Introduction

Flaviviridae constitutes an important group of human pathogenic virus responsible for extensive death and debilitation in different parts of the world1. In addition to innate anti-viral immune pathways the infection following multiple flaviviruses activates an unfolded protein response (UPR) through saturation of the protein folding capacity in host cell endoplasmic reticulum (ER)2,3,4. The induction of UPR has been suggested as the principal cause behind the apoptotic cell death observed in infected cells. UPR is induced following infection by a wide variety of viruses, many of which have evolved to regulate the downstream signalling5.

The primary objective of the cellular changes observed during an UPR is to restore homeostasis, failing which the cell is committed to an apoptotic death.

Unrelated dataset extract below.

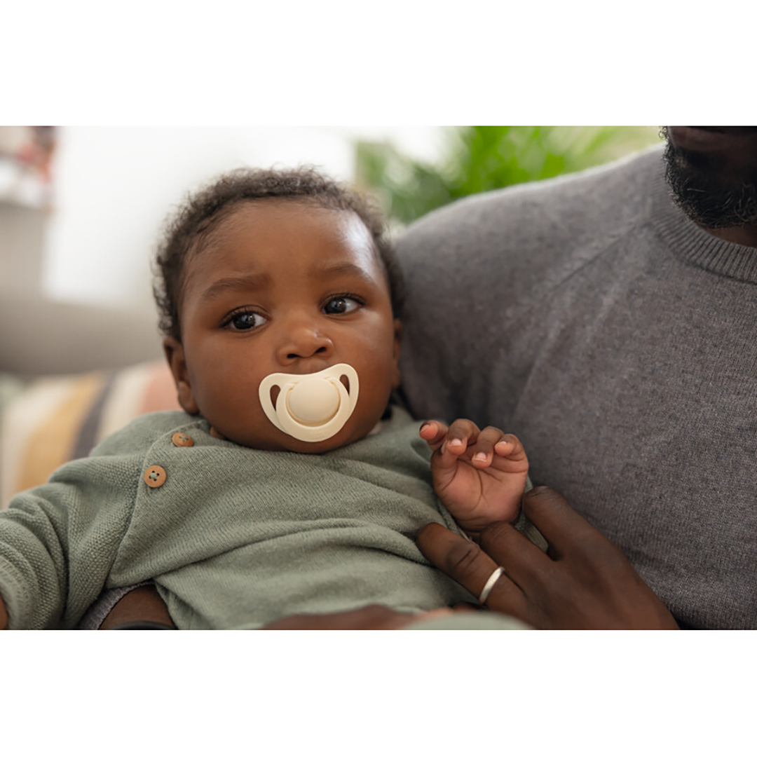 Pacifier NUK for Nature är en napp som består av mer än 98 % naturliga råvaror. För de fasta delarna används ekologiskt hållbar plast* och den mjuka nappen är gjord av rent naturgummi. En helt växtbaserad och förnybar råvara som är extra flexibel och känns mjuk och varm, likt mammas bröst. Det naturliga ursprunget är oberoende certifierat.

Unfolded/malfolded proteins that accumulate in the ER lumen form stable complexes with the ER chaperone HSPA5/Bip/GRP78. Under homeostatic conditions, GRP78 remains associated with the ER-lumen resident domain of three ER-membrane resident trans-membrane protein sensors, namely PKR-like ER Kinase (PERK), Inositol-responsive enzyme 1 (IRE1) and Activating transcription factor 6 (ATF6). A continued association with GRP78 molecules maintains these sensors in a dormant state. The accumulated unfolded proteins compete with these sensors for binding to GRP78 molecules, thereby activating them. The activated sensors transduce the signal to different parts of the cell initiating the UPR. As part of UPR multiple transcription factors (TFs) are either activated or synthesized de novo, a few of them initiating a cascade of TF expression6. Additionally, the load of nascent proteins in the ER-lumen for folding is decreased through an inhibition of the ER-associated mRNA translation. This is achieved through phosphorylation of the translation initiation factor eIF2α by PERK and degradation of mRNAs that are associated with ER-membrane bound ribosomes by IRE1α6,7. In addition to inhibition of translation, activation of PERK also stimulates the transcriptional activity of NFE2L28,9. The phosphorylation of eIF2α, attenuates rate of translation initiation on most mRNAs, but increases that for Atf4, which codes for the transcription factor (TF) ATF410. One of the known target genes activated by ATF4, Chop or Ddit3, also codes for a TF with unique target genes11. However, in addition to the PERK axis, expression of Ddit3 is also influenced through the activity of other UPR axes12. The over-expression of DDIT3 in the course of UPR which is induced by JEV infection, has been demonstrated to be of particular relevance with respect to the consequential apoptotic death of the infected cells3. In consonance, these three well characterized TFs (ATF4, NFE2L2 and DDIT3), drive the expression of multiple genes.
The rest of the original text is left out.